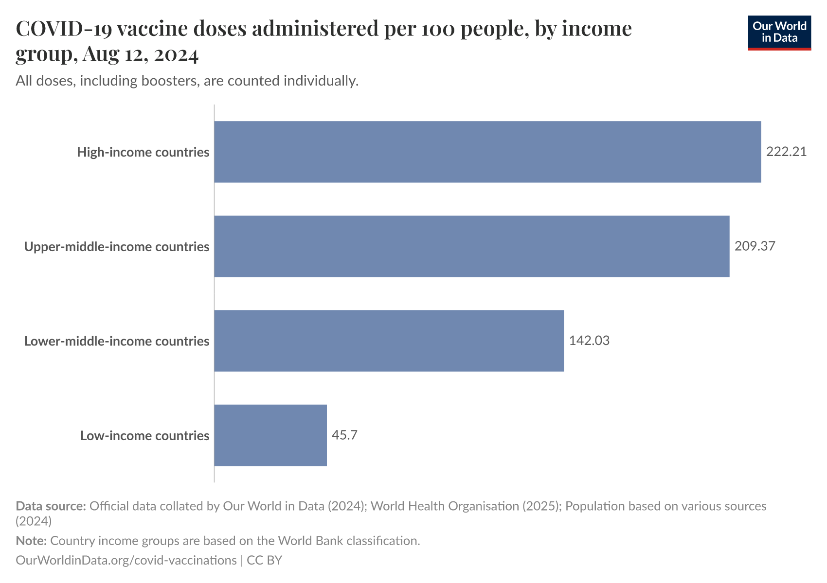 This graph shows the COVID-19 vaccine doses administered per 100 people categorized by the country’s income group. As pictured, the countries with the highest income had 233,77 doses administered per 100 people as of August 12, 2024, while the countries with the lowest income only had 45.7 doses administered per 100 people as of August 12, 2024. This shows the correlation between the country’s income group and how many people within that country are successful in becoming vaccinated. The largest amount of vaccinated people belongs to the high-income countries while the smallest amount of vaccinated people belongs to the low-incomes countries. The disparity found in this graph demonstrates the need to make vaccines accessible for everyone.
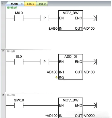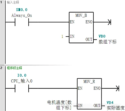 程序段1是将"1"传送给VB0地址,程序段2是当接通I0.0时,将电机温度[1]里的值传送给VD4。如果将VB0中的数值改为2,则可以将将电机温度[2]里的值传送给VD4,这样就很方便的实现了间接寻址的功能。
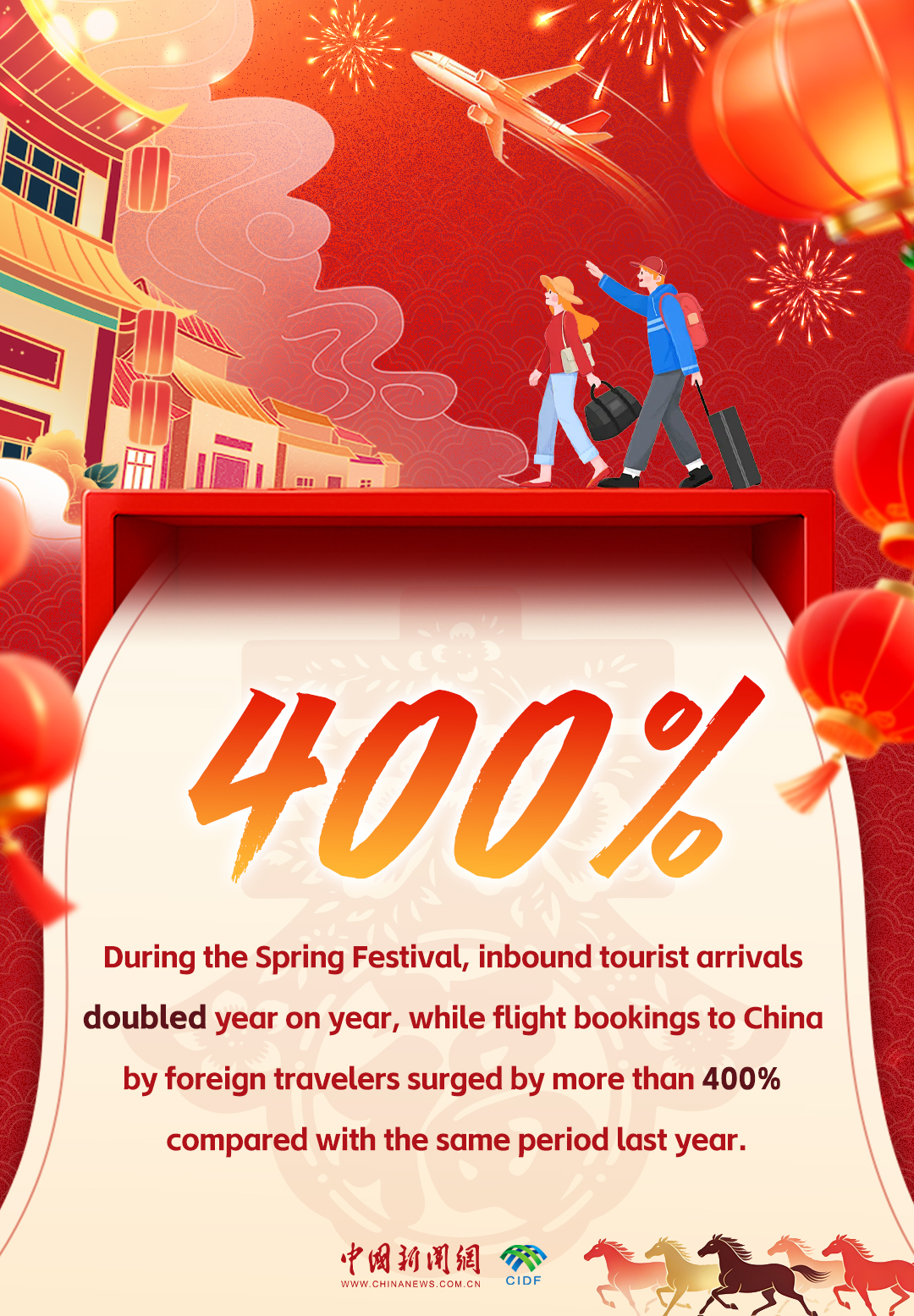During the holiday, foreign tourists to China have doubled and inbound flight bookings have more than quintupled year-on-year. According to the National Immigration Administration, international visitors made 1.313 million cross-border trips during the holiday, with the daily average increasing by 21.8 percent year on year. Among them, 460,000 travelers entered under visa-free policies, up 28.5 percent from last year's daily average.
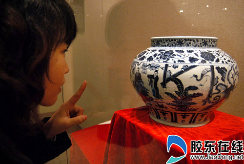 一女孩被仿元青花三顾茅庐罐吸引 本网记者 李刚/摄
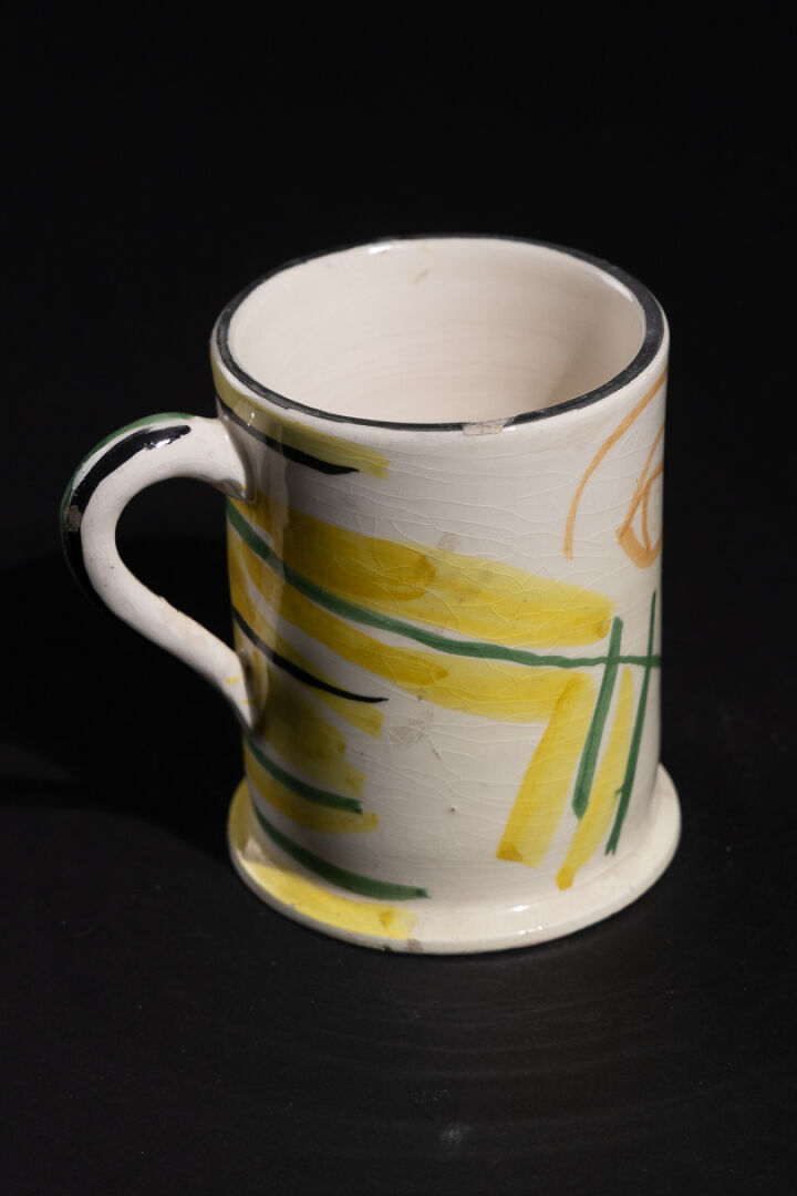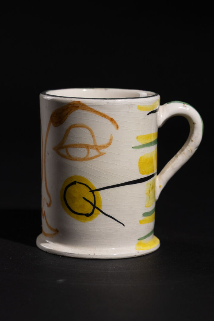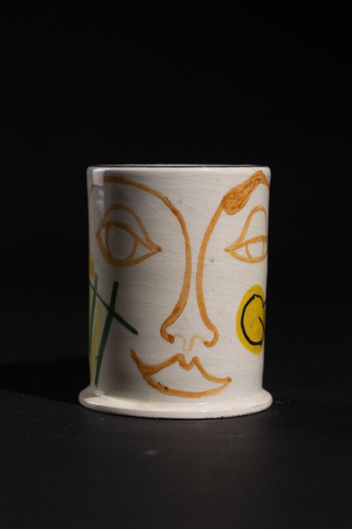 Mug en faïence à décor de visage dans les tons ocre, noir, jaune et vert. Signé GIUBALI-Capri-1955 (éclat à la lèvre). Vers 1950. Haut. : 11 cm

———

(EXERCISE DESCRIPTION)
The answer must be a word-for-word copy of all the entries, containing no pictures.

(WRITTEN RESPONSE)
 This graph shows the COVID-19 vaccine doses administered per 100 people categorized by the country’s income group. As pictured, the countries with the highest income had 233,77 doses administered per 100 people as of August 12, 2024, while the countries with the lowest income only had 45.7 doses administered per 100 people as of August 12, 2024. This shows the correlation between the country’s income group and how many people within that country are successful in becoming vaccinated. The largest amount of vaccinated people belongs to the high-income countries while the smallest amount of vaccinated people belongs to the low-incomes countries. The disparity found in this graph demonstrates the need to make vaccines accessible for everyone.
 程序段1是将"1"传送给VB0地址,程序段2是当接通I0.0时,将电机温度[1]里的值传送给VD4。如果将VB0中的数值改为2,则可以将将电机温度[2]里的值传送给VD4,这样就很方便的实现了间接寻址的功能。
During the holiday, foreign tourists to China have doubled and inbound flight bookings have more than quintupled year-on-year. According to the National Immigration Administration, international visitors made 1.313 million cross-border trips during the holiday, with the daily average increasing by 21.8 percent year on year. Among them, 460,000 travelers entered under visa-free policies, up 28.5 percent from last year's daily average.
 一女孩被仿元青花三顾茅庐罐吸引 本网记者 李刚/摄
 Mug en faïence à décor de visage dans les tons ocre, noir, jaune et vert. Signé GIUBALI-Capri-1955 (éclat à la lèvre). Vers 1950. Haut. : 11 cm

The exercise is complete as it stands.